Other speculative side channels. Besides cache side channels, there are other speculative side channels, such as TLB [20], FPU [18], port contention [7], etc., also posing a threat to processors in high-security scenarios. There have been defense mechanisms [37,57] comprehensively considering all speculative sources, which prevent speculative results from leaving the CPU core and leaking into side channels. However, since they provide aggressive protection against all side channels, their significant performance overhead makes them unsuitable for being deployed in real-world processors. Although the cache is not dedicated to speculative side-channel attacks, it remains the most practical method of data exfiltration and is an example attack in Spectre [30]. SpecLFB restricts defense scope only to cache-based attacks to achieve a trade-off between performance overhead and defense scope. Besides SpecLFB, we will consider using other existing microarchitectures of CPU in future work to specifically prevent secrets from being leaked through other side channels, thereby achieving more defense capabilities of the system.

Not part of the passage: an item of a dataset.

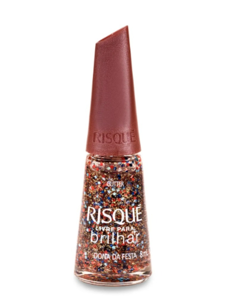 A nova coleção Risqué Livre Para Brilhar traz efeitos e cores como ferramentas para a autoexpressão, dentro de novas tendências e ultrapassando as barreiras de mainstream. São 5 esmaltes com acabamento em glitter e 1 com cobertura metálica. O Esmalte Risqué Dona da Festa apresenta lindas partículas de glitter com tons de laranja, azul e dourado, é de secagem rápida e com ultra brilho, além de ter longa duração nas unhas. Todos os esmaltes são cruelty-free e com fórmula hipoalergênica.

Limitations of the implementation and experimental verification. First, we currently do not have a practical implementation of SpecLFB that considers the speculation source VP. However, it is possible to be implemented in the processor where VP has been specifically supported. In such a processor, the SpecLFB' ROB unsafe mask could be set based on the elaboration of MUSLs in an unresolved value and the working principle of VP in the processor to provide protection, which we leave as a future work. Second, due to the specific defense scope of SpecLFB, we have not directly compared it with the solutions that have entirely the same defense scope in performance evaluation. Third, due to the cache constraints imposed by SonicBOOM, we further utilize Gem5 rather than RTL to evaluate the performance impact of SpecLFB when applied to all cache levels. As the RTL-FPGA based evaluation is obviously more accurate, which is also strong evidence of the practicality of SpecLFB in the real world, we also leave it as a future work to implement the SpecLFB applied to all cache levels in hardware prototype.

#### 10 **Related work**

Existing mechanisms for mitigating speculative cache sidechannel attacks can be classified into four types as shown below in detail, including 1) limiting the execution of speculative instructions, 2) making the results of unsafe speculative executions invisible to the microarchitectural state, 3) delaying the executions of unsafe speculative instructions, and 4) reducing the accuracy of the covert channel.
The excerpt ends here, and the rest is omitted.